The interior of the house contrasted sharply with the beautiful day dawning outside. Birds sang in the towering trees that shaded the property and the lake lapped gently at the shore only fifteen yards or so from the front entrance. It was a rustic paradise. Pine and moist earth overpowered every other scent, and the forest behind the house created a deep and resounding quiet. Everything about this crime seemed incongruent with its surroundings.

Trying not to let the disturbing sight get to him the way it had yesterday, Myles ordered himself to maintain some emotional distance. He’d grown soft since coming here, had gotten caught up in the idyllic life of a “safe” community. “You’re jaded, you know that?”

“I’m just saying. It wouldn’t be the first time a wife decided to off her hubby to avoid detection.

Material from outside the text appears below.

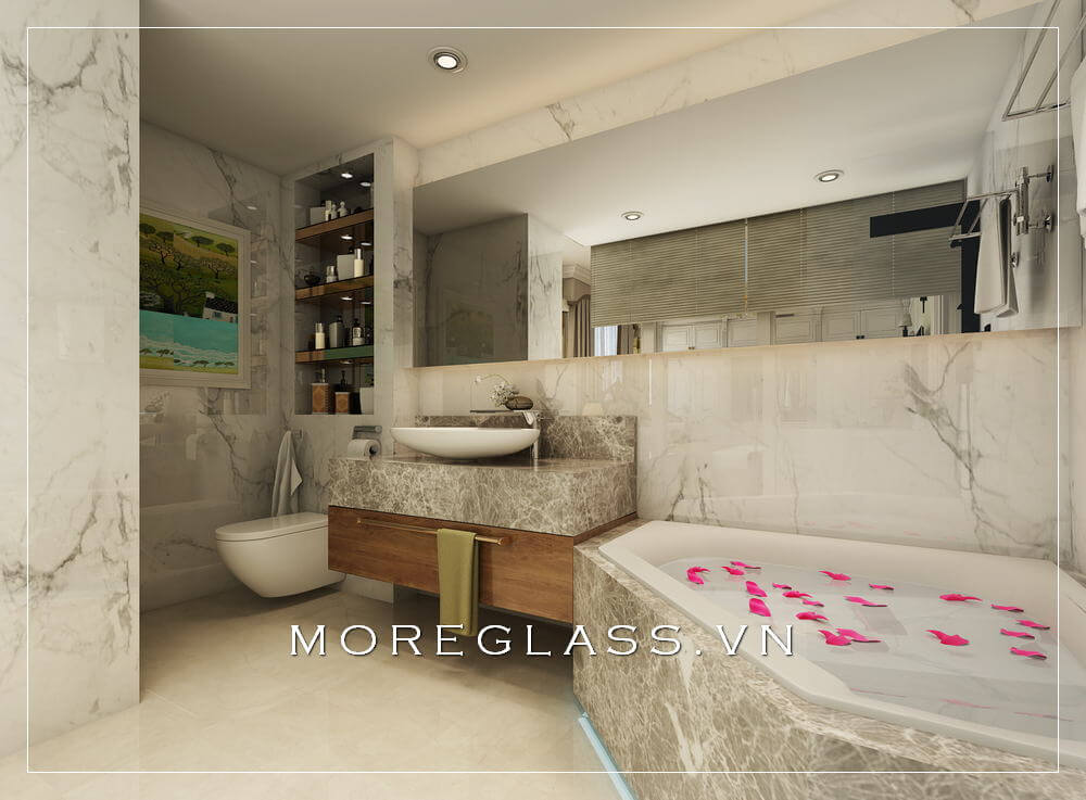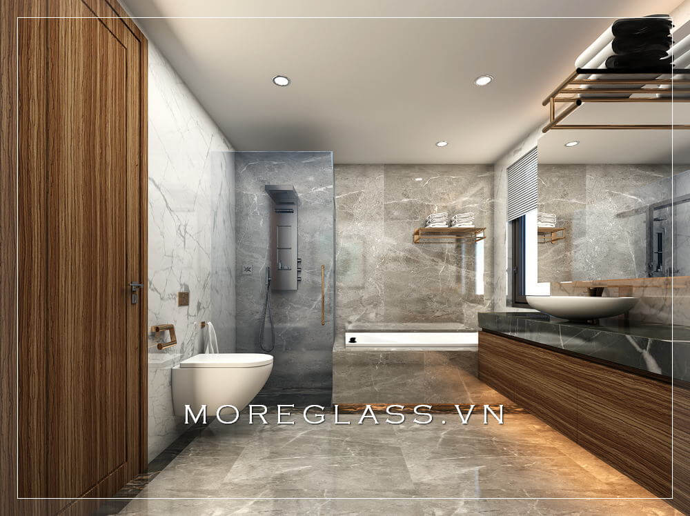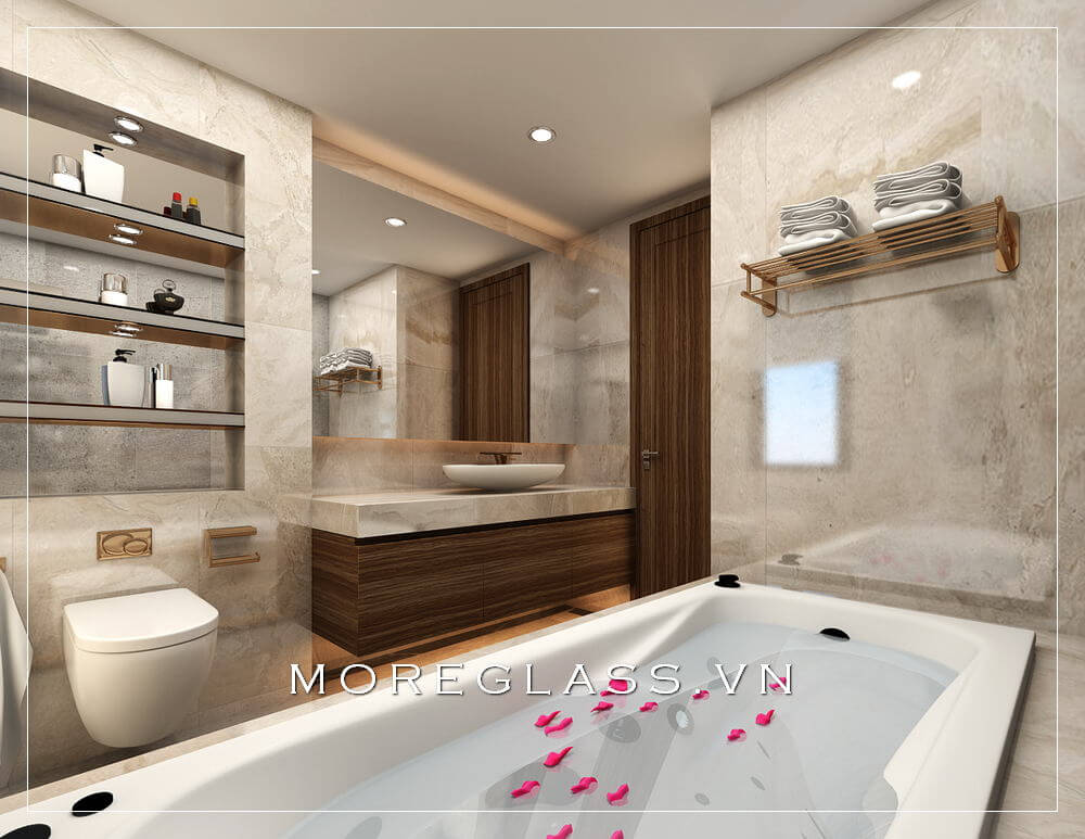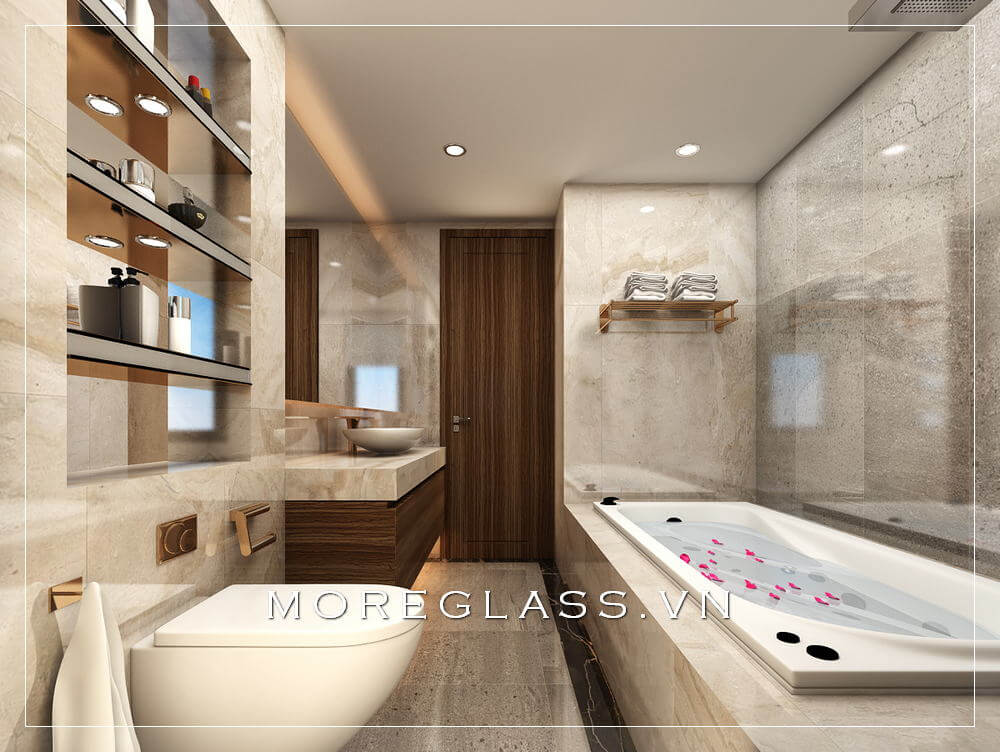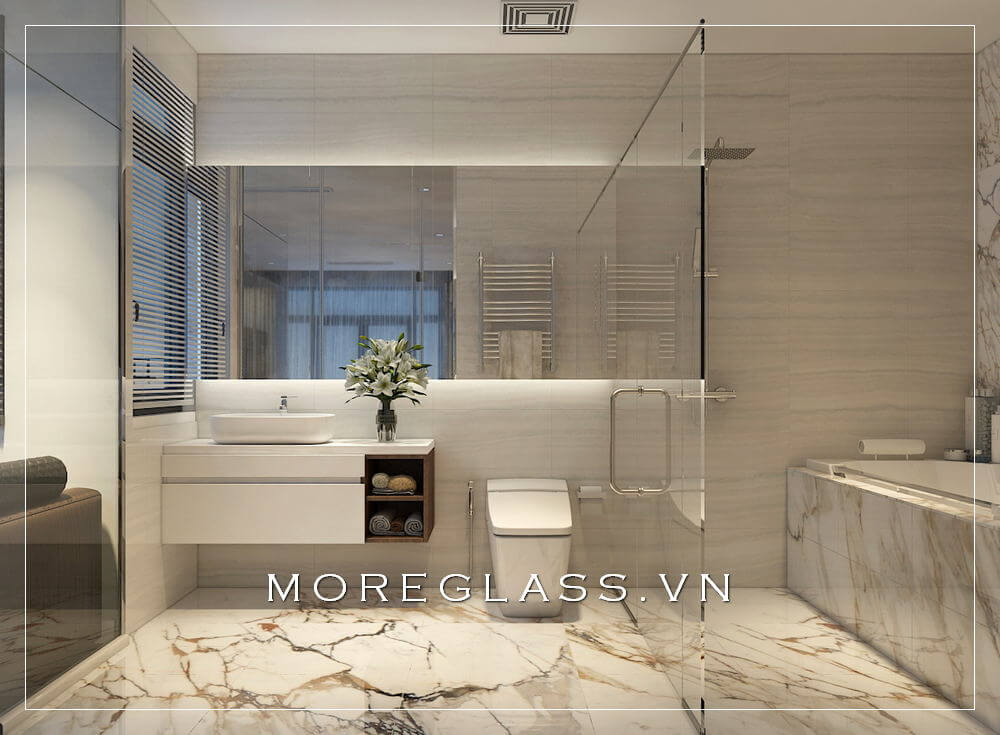 Thiết kế phòng tắm chung cư cao cấp với kính cường lực an toàn mang phòng cách hiện đại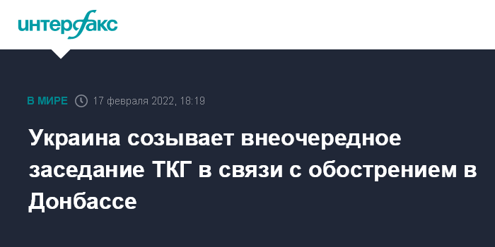 Москва. 17 февраля. INTERFAX.RU - Украинская делегация в Трехсторонней контактной группе по Донбассу инициирует безотлагательное внеочередное заседание ТКГ на уровне глав делегаций и рабочих подгрупп в связи с обострением ситуации на линии противостояния в Луганской области. Об этом говорится на странице делегации в фейсбуке.

With humiliation and divorce on the one hand and the answer to all her financial problems on the other…” He let his words fade away.

“She didn’t need to embezzle. Pat would’ve given her any amount. They’d been married for forty years.”

“Doesn’t matter.”

Myles arched an eyebrow at him. “You’re jaded, like I said.”

“Yeah, well. You spend twenty years working for the LAPD and that’s what you get.” He shrugged. “You can take the cop out of L.A., but you can’t take L.A. out of the cop, not after that long. I plan to check her bank accounts and telephone records, just in case.”

“You do that. I’m relying on you to be thorough. Don’t waste a lot of time, though. I want to catch this bastard. And the longer you dick around with Gertie, the less chance we’ll have.”

“I don’t dick around when I’m on the job, Sheriff.” Jared sounded insulted. He had a tendency to take things literally and to carry logic to illogical extremes.

“I’m telling you not to pursue her exclusively, okay?”

“Of course I won’t. I’ll follow every lead.”

“Perfect.”

“You seem uptight,” he added. “Is there a reason?”

“Pat’s murder isn’t reason enough?” Myles retorted, but he knew his agitation had as much to do with Vivian as Pat. He couldn’t figure her out. He wanted to feel angry at her for being so unreasonable, but those marks on her arm, the ones put there by her ex-husband, made it impossible to hold her resistance against her. She probably didn’t want to give another man any control over her life, and yet her body craved what every healthy adult body craved.

Including his…

“We’ll get the guy who did this,” Jared promised.

Myles tilted his head as he studied the smeared blood on the tiles, the fingerprint dust, the partial footprints, the spatters on the wall, baseboards and cupboards. In some places, so much blood had been spilled that it hadn’t completely dried. Knowing it came from the man who’d sold him his house made Myles sick to his stomach. He’d seen death—car accidents and gang shootings when he worked for the police department in Phoenix—but never such a brutal slaying. And never anyone he knew. “What about Pat’s stepson?” he asked.

“Delbert’s on my list.”

Jared’s absolute reliance on logic was usually helpful in an investigation. At any rate, no one else had as much experience with murder. Since Myles had taken over as sheriff, his office hadn’t dealt with a crime worse than hunting without a license or holding up a liquor store with a Super Soaker. “Good.”

“You placing your bet on Delbert?” Jared asked.

Myles propped his hands on his hips. “I’m not placing any bets.”

“So why’d you bring him up?”

“Because he’s at least as likely to have killed Pat as Gertie is.”

“Except that he lives in Colorado.”

“Travel being what it is, maybe he came back.”

“I spoke to a few of Gertie’s neighbors last night. I guess she and Pat had some sort of falling-out with her son over a vehicle?”

That hadn’t been cleared up? Myles had all but forgotten it. “About a year ago, Pat and Gertie lent him the money to buy a new truck. He was supposed to pay them a couple thousand the moment he received his tax refund but he didn’t. I remember Pat complaining about it when he came to the station to deliver the calendar he gave out at Christmas, but…I haven’t heard about that since.”

“I’ll see what Delbert has to say,” Jared said. “If I can reach him.”

“You’ve tried?”

“Three times. Could be he’s on his way here.”

Myles walked over to the sliding glass door and found droplets of blood even there. Pat had put up a fight; he’d simply been overpowered. “I’m sure he is,” he said. “Especially if he expects to be included in the will. Delbert has always taken his parents for everything he can.”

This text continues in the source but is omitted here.